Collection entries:
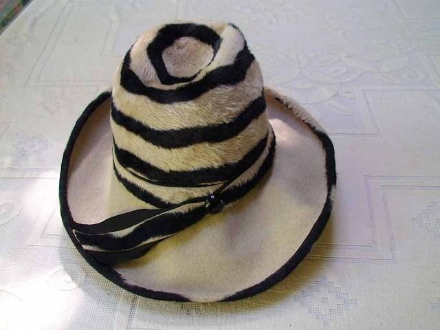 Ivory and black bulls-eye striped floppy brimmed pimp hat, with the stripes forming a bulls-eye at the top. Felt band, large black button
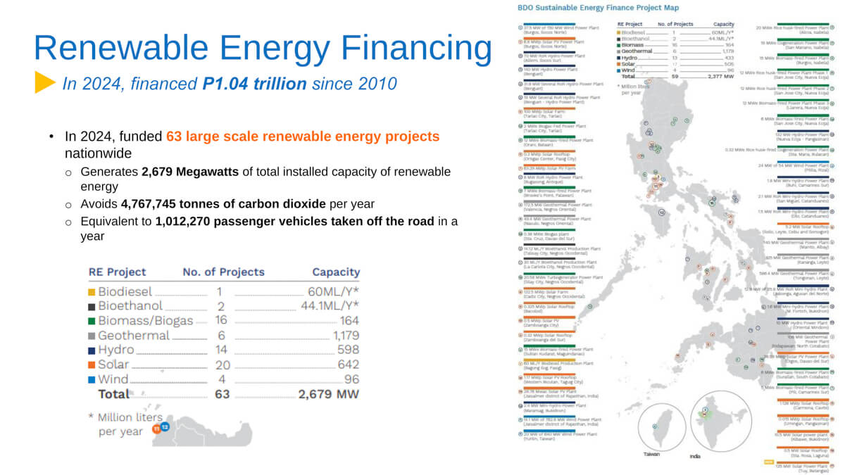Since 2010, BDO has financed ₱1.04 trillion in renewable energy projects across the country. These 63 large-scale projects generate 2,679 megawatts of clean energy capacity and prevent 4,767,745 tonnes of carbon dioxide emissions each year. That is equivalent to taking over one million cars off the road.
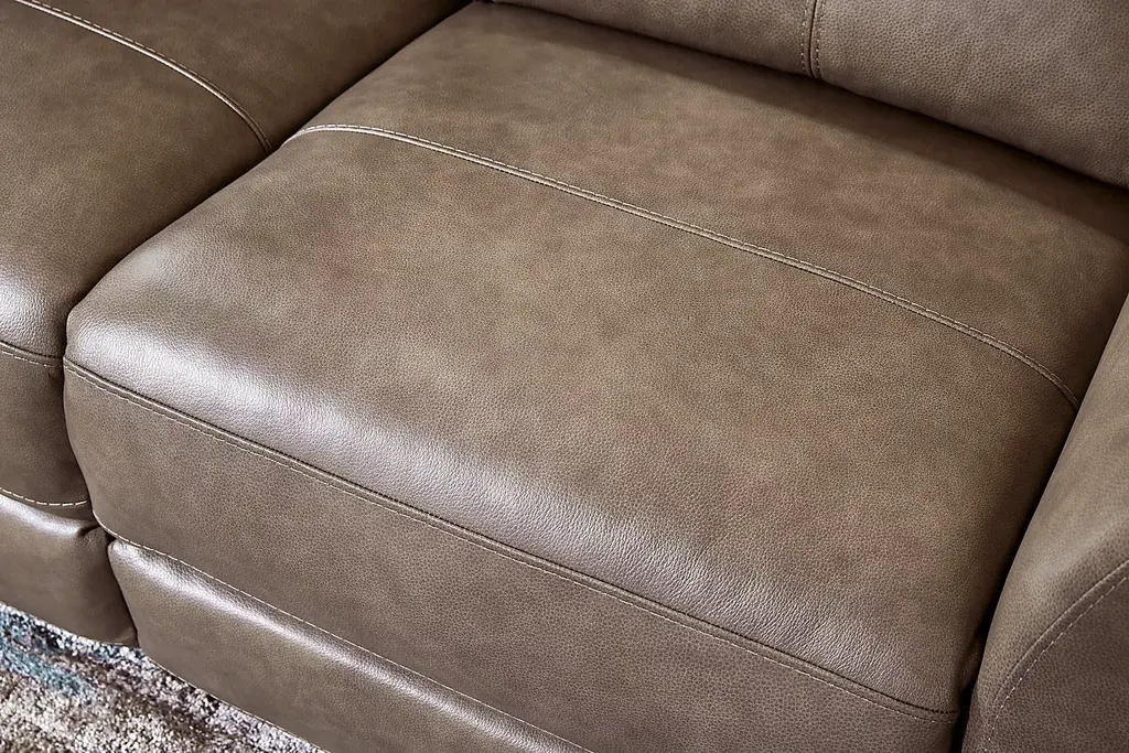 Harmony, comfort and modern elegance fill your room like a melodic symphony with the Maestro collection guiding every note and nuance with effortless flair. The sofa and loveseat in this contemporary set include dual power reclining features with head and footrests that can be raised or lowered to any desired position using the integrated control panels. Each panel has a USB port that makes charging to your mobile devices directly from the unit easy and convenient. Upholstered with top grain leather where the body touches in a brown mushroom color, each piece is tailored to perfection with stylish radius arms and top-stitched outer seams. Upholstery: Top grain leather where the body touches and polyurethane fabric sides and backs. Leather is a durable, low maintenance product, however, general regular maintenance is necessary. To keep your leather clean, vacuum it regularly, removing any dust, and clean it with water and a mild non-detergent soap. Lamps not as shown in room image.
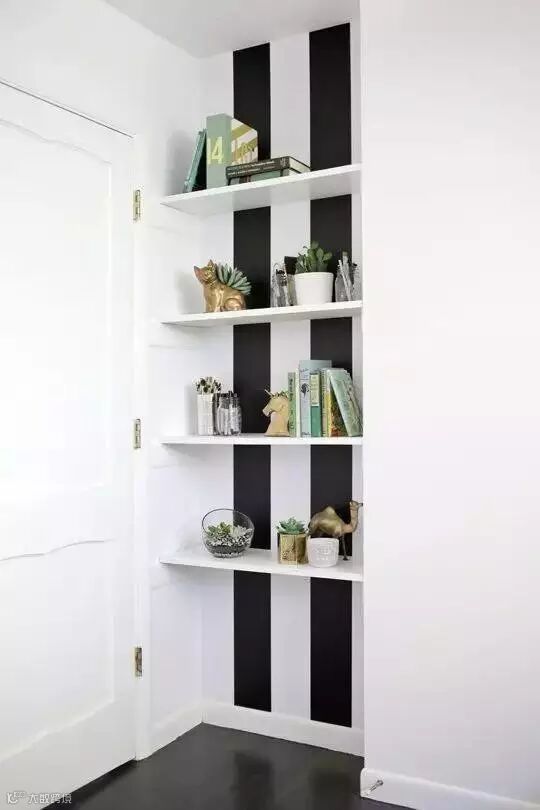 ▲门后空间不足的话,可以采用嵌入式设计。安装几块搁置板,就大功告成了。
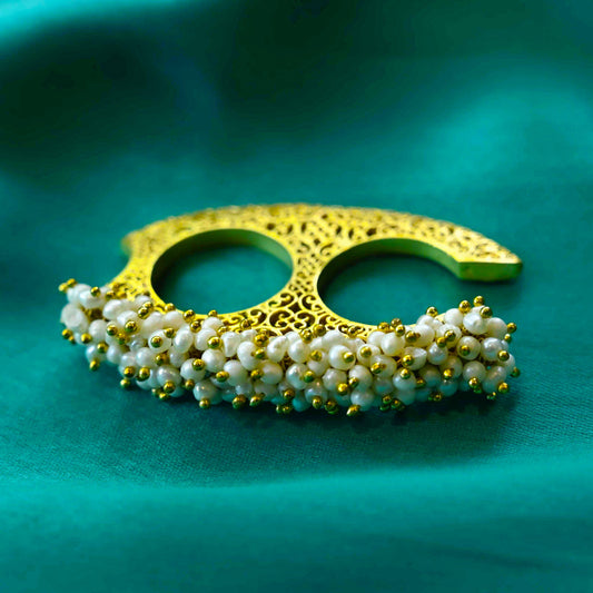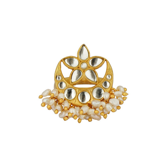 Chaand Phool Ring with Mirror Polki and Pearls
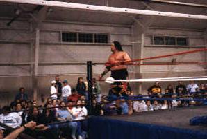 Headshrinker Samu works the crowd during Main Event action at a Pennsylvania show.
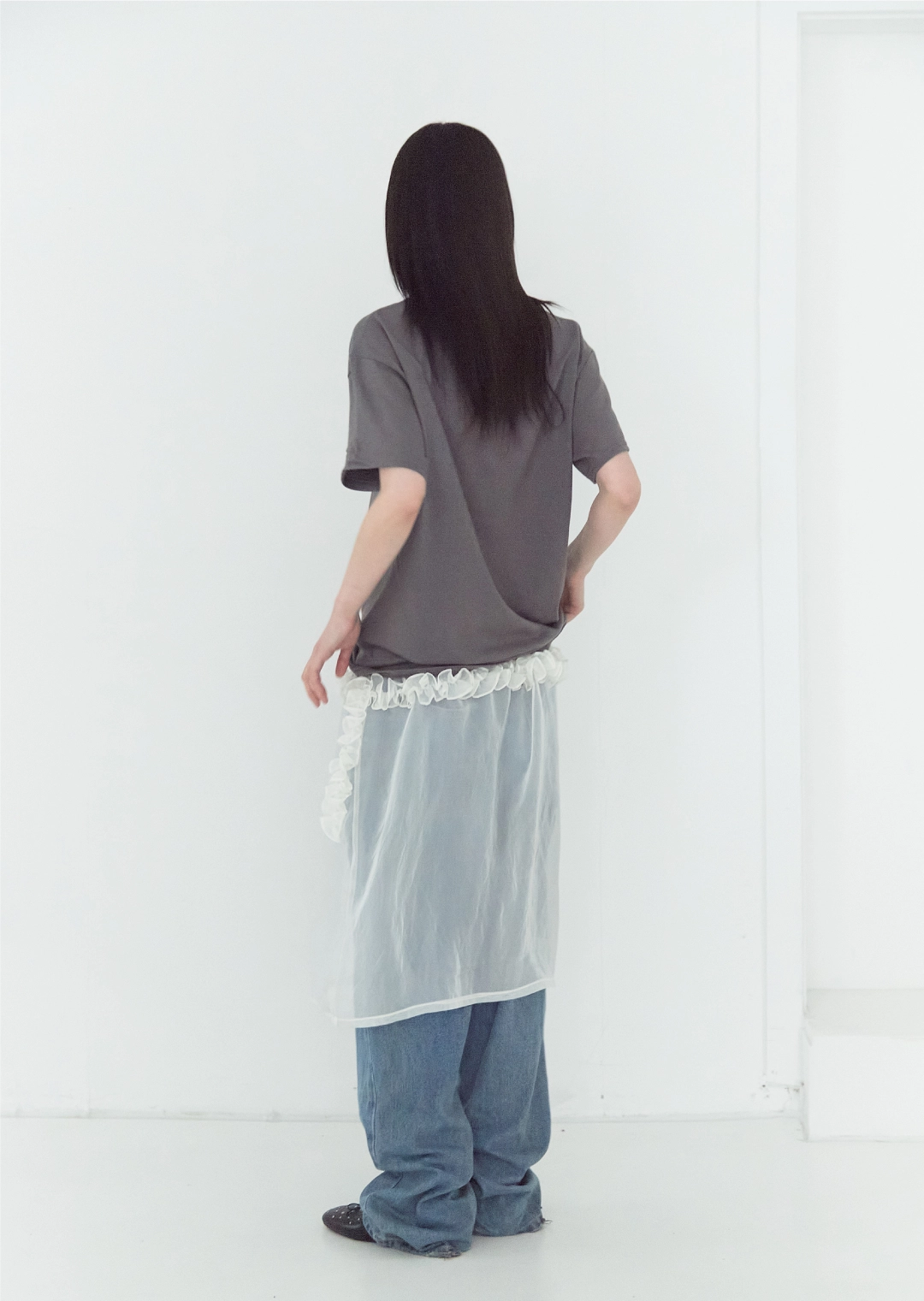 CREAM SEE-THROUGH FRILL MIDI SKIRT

▶ Work order: Wherever an image appears, omit it; copy the rest of the records exactly.

▶ The answer:
 Ivory and black bulls-eye striped floppy brimmed pimp hat, with the stripes forming a bulls-eye at the top. Felt band, large black button
Since 2010, BDO has financed ₱1.04 trillion in renewable energy projects across the country. These 63 large-scale projects generate 2,679 megawatts of clean energy capacity and prevent 4,767,745 tonnes of carbon dioxide emissions each year. That is equivalent to taking over one million cars off the road.
 Harmony, comfort and modern elegance fill your room like a melodic symphony with the Maestro collection guiding every note and nuance with effortless flair. The sofa and loveseat in this contemporary set include dual power reclining features with head and footrests that can be raised or lowered to any desired position using the integrated control panels. Each panel has a USB port that makes charging to your mobile devices directly from the unit easy and convenient. Upholstered with top grain leather where the body touches in a brown mushroom color, each piece is tailored to perfection with stylish radius arms and top-stitched outer seams. Upholstery: Top grain leather where the body touches and polyurethane fabric sides and backs. Leather is a durable, low maintenance product, however, general regular maintenance is necessary. To keep your leather clean, vacuum it regularly, removing any dust, and clean it with water and a mild non-detergent soap. Lamps not as shown in room image.
 ▲门后空间不足的话,可以采用嵌入式设计。安装几块搁置板,就大功告成了。
 Chaand Phool Ring with Mirror Polki and Pearls
 Headshrinker Samu works the crowd during Main Event action at a Pennsylvania show.
 CREAM SEE-THROUGH FRILL MIDI SKIRT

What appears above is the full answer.